A shooting in Atlanta. An allegedly racially motivated assault in Bellingham, Washington. An Ohio woman charged with a fifth-degree felony abuse of a corpse following miscarriage.
All three of these cases were reported by local media.
Similar incidents happen every day across the United States; however, the data on civil and human rights violations is often not officially monitored, says Rahul Bhargava, a professor of journalism and art/design at Northeastern University.
Instead, grassroots organizations gather information from media reports about alleged civil and human rights violations.
The incidents include gender- or identity-based killings, police killings, attacks motivated by white supremacy, mass shootings and pregnancy criminalization — when a person is arrested for reasons related to their pregnancy.

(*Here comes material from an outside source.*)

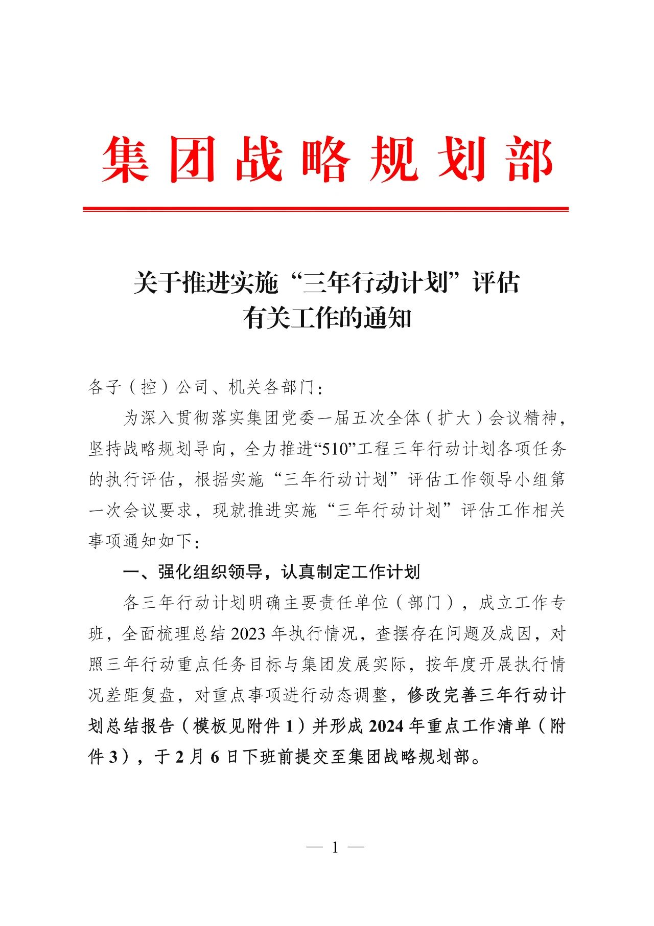 2024年是集團(tuán)全面完成“十四五”規(guī)劃目標(biāo)任務(wù)的關(guān)鍵之年,為深入貫徹集團(tuán)黨委一屆五次全體(擴(kuò)大)會(huì)議精神,在三年行動(dòng)計(jì)劃上突出落地見效,以三年計(jì)劃的完成保證“十四五”各項(xiàng)目標(biāo)任務(wù)如期實(shí)現(xiàn)。“三年行動(dòng)計(jì)劃”評估工作領(lǐng)導(dǎo)小組辦公室緊緊圍繞集團(tuán)三步走戰(zhàn)略發(fā)展總體要求,完善“專班化推進(jìn)+項(xiàng)目化實(shí)施”運(yùn)作方式,做好階段性評估,常態(tài)化督查,扎實(shí)推進(jìn)“510”工程等三年行動(dòng)計(jì)劃各項(xiàng)工作走深走實(shí)。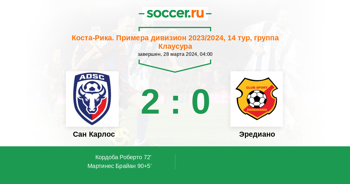 Протокол матча Сан Карлос против Эредиано

Bhargava and his longtime collaborator, Catherine D’Ignazio of MIT, are building artificial intelligence tools to monitor alleged violations.
“These problems matter and have significant impact on the world around us,” Bhargava says.
Bhargava and his students at Northeastern previously developed AI tools to monitor news reports on alleged intentional killings of women in North and South America for D’Ignazio’s Data Against Feminicide project.
They worked with such organizations as Sovereign Bodies Institute on tracking missing or murdered Indigenous women and girls, African American Policy Forum on tracking police violence against Black women and girls, and Feminicidio Uruguay on tracking gender-based killings in Uruguay.
With a new grant from the Data Empowerment Fund, Bhargava is managing interactions with a broader set of grassroots groups from the U.S., Mexico, Uruguay, Brazil and Argentina.
Bhargava and his students collaborate with each group on designing the best workflow and creating a set of articles to train the AI model.
“We build a new model for every group we work with,” Bhargava says. “Many of these groups have very nuanced definitions of the types of cases they care about. So it’s an argument that says that AI is a suite of tools and techniques that can be wielded for people that have very custom needs and developed with them.”
The tools combine media databases, machine learning algorithms and email alerts to report possible cases.
First, the model ingest large sets of news stories from multiple online news archives such as Media Cloud and NewsCatcher. The stories are then filtered by keywords and sent through a custom AI classifier model — or an algorithm — that automatically categorizes data into one or more sets.
The model checks archives three times a day and delivers the results via email. A live dashboard allows real-time story monitoring as well.
The model clusters similar stories, so the activists don’t need to read them all.
“You’re getting a larger funnel without exposing them to all of these articles about violence,” Bhargava says.
Some partners, he says, have cut their data extraction time from six hours to one hour.
Sometimes groups’ goals and the definitions of what they’re looking for overlap, Bhargava says, so they can reuse an existing model to try to find similar stories.
For instance, a group that cares about killings of women based on gender in Argentina might be able to use the same model as a group that cares about the same crimes in Uruguay. They could use the same model. However, some might care about pieces that are connected to specific identities of the victim or the perpetrators.
“That’s the kind of thing that would need a new model to be built,” he says.
The code is open source, Bhargava says, which means it is publicly accessible and available for use, modification or distribution to other interested groups and organizations.
Usually, human rights grassroot groups spend hours online reading the news and compiling stories — a tedious and emotionally taxing process. They use inadequate tools, Bhargava says, like Google News Alerts that often return too many irrelevant stories.
The groups use this data to raise awareness, provide legal help and advocate for new policies to protect vulnerable populations.
“In many countries, this kind of data isn’t [officially] collected [by the government], and these groups are filling a data hole,” Bhargava says.